Climate and Environmental Conditions as Modifiable Risk Factors for Diabetic Foot Ulcers

Foot ulcers are among the most serious complications of diabetes, often leading to infection, hospitalization, and amputation. While intrinsic factors such as neuropathy, peripheral arterial disease, and glycemic control are well-recognized contributors, extrinsic environmental variables—particularly climate and physical surroundings—exert a powerful and often underappreciated influence on ulcer development. Temperature extremes, humidity levels, terrain, and seasonal weather patterns can directly affect skin integrity, circulation, and wound healing. Understanding these relationships is essential for tailoring prevention strategies and improving outcomes in high-risk populations.

How Climate Modifies Skin Physiology and Wound Healing

The skin serves as the body’s first barrier against infection and injury. Climatic conditions alter its structure and function in ways that can either protect or predispose to ulceration. High ambient temperatures increase perspiration, which can soften the stratum corneum—a process called maceration—making the skin more fragile and prone to tearing. Conversely, low temperatures trigger vasoconstriction in peripheral vessels, reducing blood flow to the feet and impairing the delivery of oxygen, immune cells, and growth factors needed for tissue repair. These vascular changes are particularly dangerous for individuals with existing peripheral artery disease (PAD) or autonomic neuropathy, because their compensatory mechanisms are already compromised.

Humidity levels also influence microbial colonization. Warm, moist environments encourage bacterial and fungal overgrowth, while arid conditions can cause excessive dryness and cracking of the skin. Both scenarios create portals of entry for pathogens and increase the risk of infection, which is a primary cause of nonhealing ulcers. The interplay between climate and foot health is not merely theoretical—epidemiological studies have identified geographic variation in diabetic foot ulcer prevalence. For example, research published in the Journal of Wound Care found higher rates of foot ulceration in tropical compared to temperate regions, even after adjusting for diabetes duration and control. Climate must therefore be considered a modifiable risk factor that can be managed through behavioral and environmental adjustments.
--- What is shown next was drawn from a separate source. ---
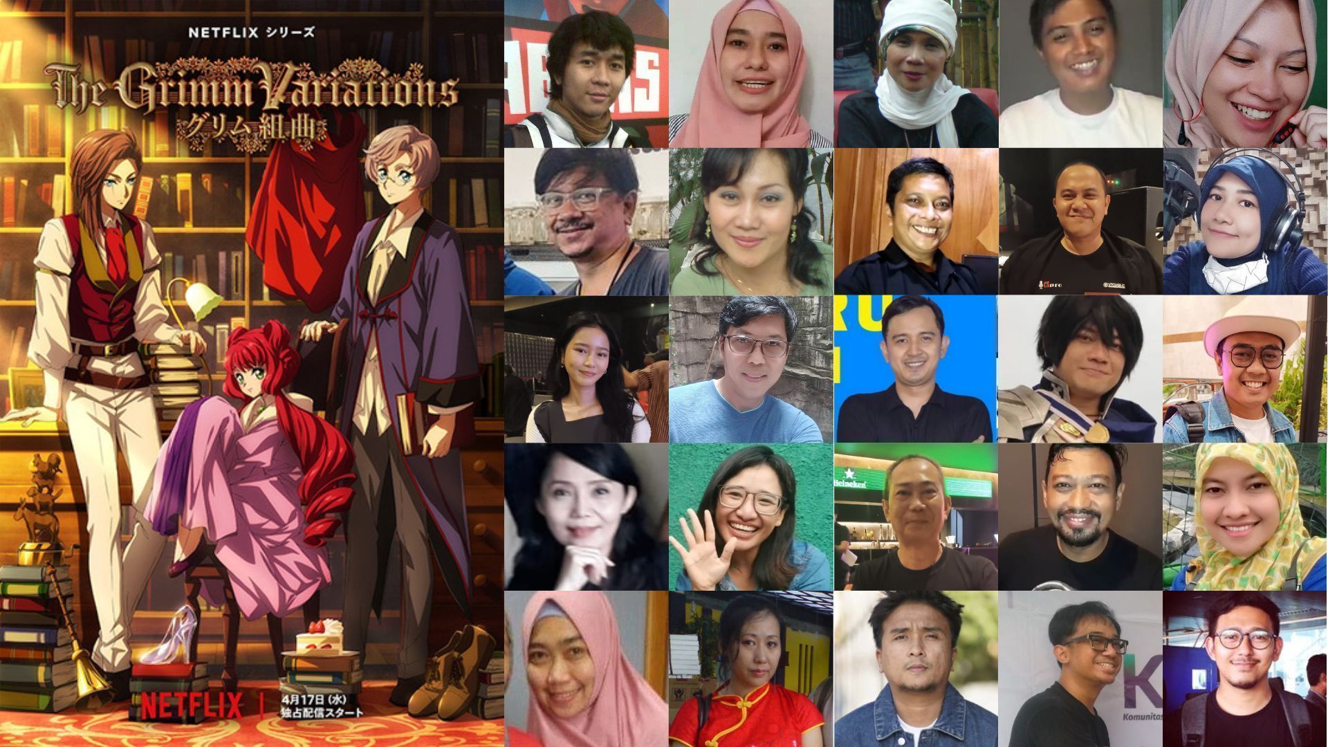 Anime The Grimm Variations juga hadir, lengkap dengan dubbing bahasa Indonesia. Versi dubbing Indonesia ini digarap oleh Studio Fresto. Beatrix Renita Purwiastanty bertindak sebagai pengarah dialog, di mana ia juga turut serta menjadi seiyu di dalamnya. Berikut adalah jajaran seiyu-nya:

Regional Climate Patterns and Their Specific Risks

Tropical and Subtropical Climates

In tropical regions characterized by high temperature and humidity year-round, foot ulcer risk is elevated due to persistent moisture and heat. The constant sweat layer on the skin accelerates maceration, especially between the toes and on the plantar surfaces. Additionally, the warm environment promotes the growth of bacteria such as Staphylococcus aureus and Pseudomonas aeruginosa, as well as dermatophytes responsible for athlete’s foot. Fungal infections can cause fissures that progress to ulcers. People living in these climates should adopt rigorous foot hygiene protocols, including twice-daily washing with mild soap, thorough drying (particularly between the toes), and the use of moisture-wicking socks made from merino wool or synthetic blends. Antifungal powders may be beneficial for prophylaxis.
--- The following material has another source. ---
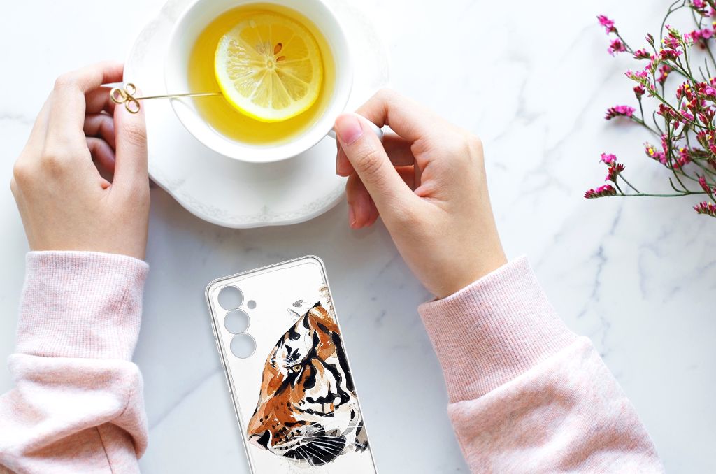 Omdat we tijgers zo bijzonder vinden, hebben we besloten deze voor zeer lage kosten voor jou op een Samsung Galaxy A54 5G Hoesje maken te zetten. Dit kunnen we goedkoop doen omdat we het drukwerk in eigen beheer doen. De tijger staat geschilderd op de tpu case tegen een grijs met wit geblokte achtergrond. De Watercolor Tiger kunnen we bedrukken op verschillende soorten hoesjes, zoals deze tpu cases. Deze case kan exclusief in het bezit van jou komen. Zeker als je er zelf nog unieke teksten en/of beelden aan toevoegt. Het tpu hoesje is zeer flexibel en wordt alleen aan de bovenzijde bedrukt met de tijger. De randen van dit flexibele hoesje blijven doorzichtig. Jij zorgt voor de perfecte bescherming van je smartphone met dit tpu hoesje met geschilderde tijger tegen een grijs met witte achtergrond.

Heavy rainfall common in monsoon and rainy seasons introduces another environmental hazard: frequent wet feet. Prolonged exposure to water, whether from puddles or inadequate footwear, softens the skin further and reduces its mechanical strength. In a study from a Brazilian diabetes clinic, patients with higher monthly rainfall exposure were more likely to develop new ulcers during the wet season. Waterproof but breathable footwear is essential in such conditions. Sandals should be avoided because they offer no protection against ground moisture and do not shield the feet from sharp debris.

Cold and Temperate Climates

Cold weather imposes different challenges. Vasoconstriction reduces skin temperature and capillary perfusion, which can precipitate or worsen ulcers in neuropathic feet that already lack protective sensation. Patients with severe neuropathy may not feel the cold adequately, increasing the risk of frostbite. Even mild cold exposure can impair the inflammatory response needed for healing. A study in the Journal of the American Podiatric Medical Association reported a seasonal pattern, with more foot ulcer presentations in winter months in northern latitudes. This is compounded by the use of heating devices (space heaters, hot water bottles) that can cause burns without the patient’s awareness—classic examples of “neuropathic burns” that often present as first-time ulcers.
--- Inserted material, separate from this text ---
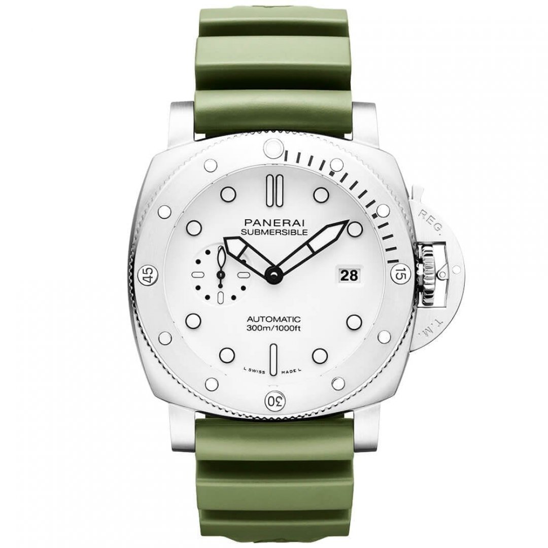 luxusné hodinky Panerai Submersible QUARANTA QUATTRO BIANCO Manufaktúrny kaliber, Vode odolnosť 300M, 44 mm. Hodinky disponujú funkciami luminiscencia a ukazovateľ dátumu. Základné parametre hodín sú: farba ciferníka je biela, typ strojčeka je mechanické hodinky s automatickým náťahom, materiál remienka je kaučuk a vode odolnosť je 300 m.

To stay safe in cold climates, patients should wear insulated, well-fitted boots and avoid tight socks that constrict circulation. Layering with a moisture-wicking base layer and a waterproof outer shell helps keep feet dry despite snow and slush. Indoor activities that encourage peripheral circulation, such as leg raises or ankle pumps, can offset the effects of vasoconstriction. Home heating should be maintained at a comfortable temperature, but direct heat sources should be placed out of reach of patients with sensation loss.

Arid and Desert Climates

Dry heat creates a separate set of problems. Low humidity causes rapid moisture loss from the skin, leading to xerosis (abnormally dry skin) and fissures, particularly on the heels. These cracks, if deep enough, can become infected and develop into full-thickness ulcers. Daily application of emollient creams containing urea or lanolin is critical in arid regions. Sand and dust can also accumulate inside shoes, causing friction blisters or punctures in the neuropathic foot that go unnoticed. Patients should inspect the inside of footwear before putting them on and use gaiters or shoe covers when walking on sandy terrain. Walking barefoot on hot sand is dangerous—surface temperatures can exceed 49 °C (120 °F) leading to thermal injury without pain perception.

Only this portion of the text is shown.